Dr. Dieguez also opined that the medical records relating to Dr. Cocores's treatment of L.D. were deficient. Dr. Dieguez succinctly opined that, "there was basically no medical records."
The undersigned finds that the testimony of Dr. Dieguez is credible. The undersigned concludes, and
Dr. Cocores concedes, that the Department presented sufficient evidence to establish that Dr. Cocores breached the prevailing professional standard of care in prescribing pain medication to L.D., as set forth in rule 64B8-9.013, thus violating section 458.331(1)(t)(1)(Count I), and that Dr. Cocores failed to keep appropriate medical records as required by section 458.331(1)(m)(Count III).
The Department also presented the testimony of its second expert witness, Scott Teitelbaum, M.D., by deposition transcript. Dr. Teitelbaum, is certified by the American Board of Pediatrics and the American Board of Addiction Medicine. He is an associate professor at the University of Florida,
and is the Vice-Chairman of the Department of Psychiatry. Dr. Teitelbaum practices psychiatry on a daily basis.
Dr. Teitelbaum confirmed that rule 64B8-9.013 applies to physicians who practice psychiatry in the state of Florida when those physicians prescribe controlled substances for the treatment of their patients' pain. He further opined that Vicodin, Percocet, and oxycodone are not medications used to treat psychiatric disorders or conditions, and, therefore,
Dr. Cocores would have breached the standard of care in prescribing the same in the treatment of any psychiatric condition or mental health disorder.
Dr. Teitelbaum testified that Dr.

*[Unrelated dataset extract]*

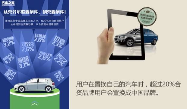另外,有一组数据令我们感到有些惊讶,置换成中国品牌的用户中,有20%是来自合资品牌用户。一般情况下,由合资车置换成中国品牌车型的,大多数为中国品牌的中高档车型,例如吉利博瑞、博越、观致5 SUV等。从这组数据也能够看得出,中国品牌中高档车型的产品品质有了较大的提升,与合资品牌对应车型之间的差距正在逐渐缩小。同时,对于整个中国品牌的都有着积极的影响。

Cocores prescribed Xanax to L.D. for sleep issues. In his opinion, Dr. Cocores breached the standard of care in this regard, because he did not obtain a proper history, which would provide the appropriate rationale for the prescription. Additionally, Dr. Teitelbaum opined that Dr. Cocores breached the standard of care in failing to document and monitor the efficacy of the Xanax prescription.
Dr. Teitelbaum also opined that the combination of Xanax (benzodiazepine) with an opioid (such as oxycodone) can create a great risk for adverse medical consequences. He explained that a physician prescribing such a combination must complete a thorough assessment of any substance abuse disorder; conduct drug testing and document the use or non-use of other drugs the patient may be taking; and inquire regarding the patient's alcohol usage.

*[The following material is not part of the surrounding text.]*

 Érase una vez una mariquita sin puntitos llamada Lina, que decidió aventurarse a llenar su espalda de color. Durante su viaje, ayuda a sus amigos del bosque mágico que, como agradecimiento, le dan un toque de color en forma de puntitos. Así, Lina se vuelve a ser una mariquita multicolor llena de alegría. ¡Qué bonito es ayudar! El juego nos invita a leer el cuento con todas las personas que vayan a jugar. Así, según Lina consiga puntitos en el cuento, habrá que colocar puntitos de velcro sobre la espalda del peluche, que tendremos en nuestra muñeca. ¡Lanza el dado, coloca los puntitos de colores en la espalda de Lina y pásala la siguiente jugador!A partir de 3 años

Dr. Teitelbaum opined that Dr. Cocores did not take the above-noted precautionary measures, and, therefore breached the standard of care in prescribing Xanax and oxycodone contemporaneously. The undersigned finds Dr. Teitelbaum's testimony to be credible and that it supports an additional and independent basis for finding that Dr. Cocores violated section 458.331(1)(t)(1)(Count I).
Course of Physician's Professional Practice
Dr. Dieguez further testified that Dr. Cocores was not practicing medicine during the sessions with L.D. Dr. Deiguez's testimony in this regard is rejected. Dr. Dieguez is not a psychiatrist, has never practiced psychiatry, and conceded that he could not testify regarding whether the interactions by and between Dr. Cocores and L.D. met or breached the standard of care from a psychiatric point-of-view.

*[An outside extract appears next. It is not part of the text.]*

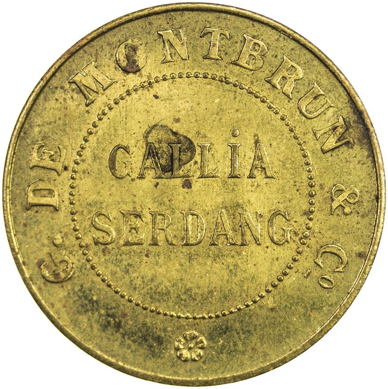 NETHERLANDS EAST INDIES: brass 50 cent, ND (ca. 1890-1897), L&W-78a, plantation token (plantagegeld), G. de Montbrun, Sumatra, GALLIA - SERDANG at center, Unc, R.

Although Dr. Teitelbaum testified that he was unclear as to "what was being addressed with respect to the medications that were being prescribed," he did not offer an opinion that Dr. Cocores was not practicing medicine. The undersigned finds, as a matter of ultimate fact, that Dr. Cocores's conduct did not occur outside the practice of medicine, and, therefore, he is not guilty of violating section 458.331(1)(q).
Mitigation
Dr. Cocores presented the testimony of four current or former patients to testify on his behalf. All four indicated that Dr. Cocores is a trustworthy and effective physician that they would recommend to other patients.
No evidence was presented that Dr. Cocores has been previously disciplined.
CONCLUSIONS OF LAW
The Division of Administrative Hearings has jurisdiction over the parties and subject matter of this cause, pursuant to section 120.57(1), Florida Statutes.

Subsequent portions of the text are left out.